My advice would be to definitely bring any issues or concerns to the court. If you don't then bring it up at a later date they might question that. Document what you can for evidence. Never bad mouth her mother or let her hear you talk about her. Continue to do your best for DSD. She might be young but kids aren't daft and even if her mum is badmouthing her dad if his actions don't reflect her words it'll have less of an impact. Have loads of fun with her and give her the best possible experience when you have her.

It's hard and feels like a constant battle. Just keep doing what you can and keep yourself right.
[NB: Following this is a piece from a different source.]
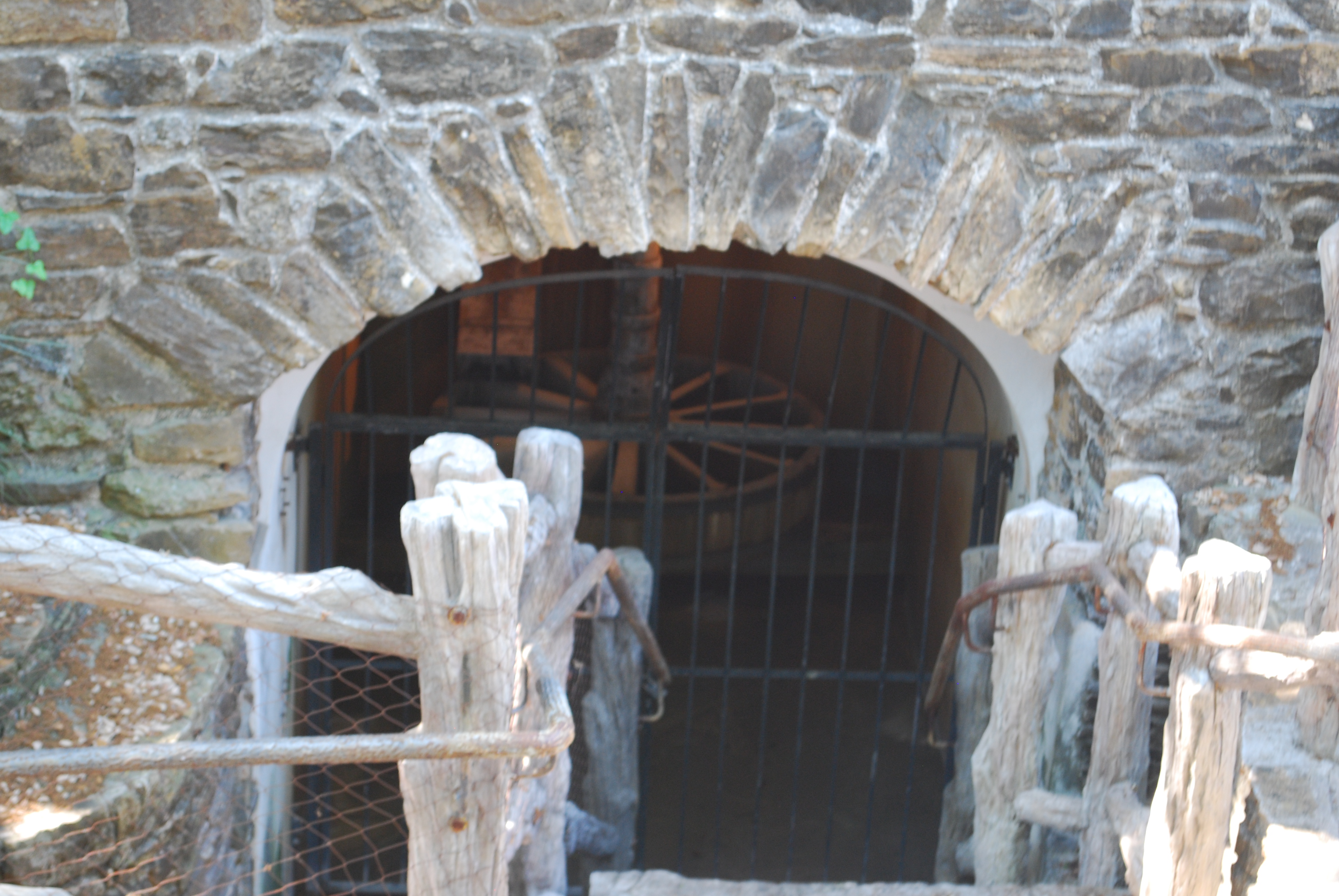 | The mill's water wheel, in the lower room, just below the bottom of the penstock, sorry I couldn't get closer. The water from the penstock, came through the wall at the opposite side, turning the wheel, then exited directly toward us, then to the left, and via the lower mill race back to the river. |

The invisible string is also a good book for young kids showing separation anxiety. Might be worth a try.

Beepops22 · 24/10/2022 16:23

Hi, have you tried contacting CAFCASS and asking for their 'advice'. I know they are more than useless but if you got them to put some information on an email of how they think the situation could be handled. I.e. if you ask how can we make handovers less distressing as DSD is anxious until mum is out of sight they may suggest someone else brings her to handovers and you can then use this information at the next court hearing?

From experience with family court if you can get a neutral third party to suggest something which you can then agree to, the court generally seems to go in your favour.

cansu · 25/10/2022 23:46

Maybe you should just focus on reassuring her that her mum is fine without her. Offer lots of support and avoid making this another issue for parents to fight about. The child probably picks up on the conflict between the two families.

Guessie · 26/10/2022 00:13

ClaryFairchild · 06/10/2022 01:15

I hate to say it, but you may need to record her visible distress and then how quickly she calms down as soon as her mother is out of site. Also record her answers about what "mummy says".

This is just going to continue to happen.

This isn't a good idea. Courts don't like recordings and rarely allow them as evidence.

thelionthewitchtheaudacityofTHISbitch · 26/10/2022 09:48

Unfortunately you cannot force someone to co-parent if they won't. The family courts are utterly useless and the whole process fails children. Examples can be very obvious - waived off as parenting differences. My DC is 17 - today happens to be our half-term transition day. The teenager will be unsettled, grumpy, moan at me for literally hours about the parental family. This has been my life for over 10 years. I listen, make hot drinks, sort out snacks, leave them well alone. When it first started for me (and them) transition wasn't recognised at all as being a potential problem for a child. So I followed a parallel parenting path (all of my own devising!) that allowed me to move on in my life, support the child, and ignore as much of the nonsense as I could.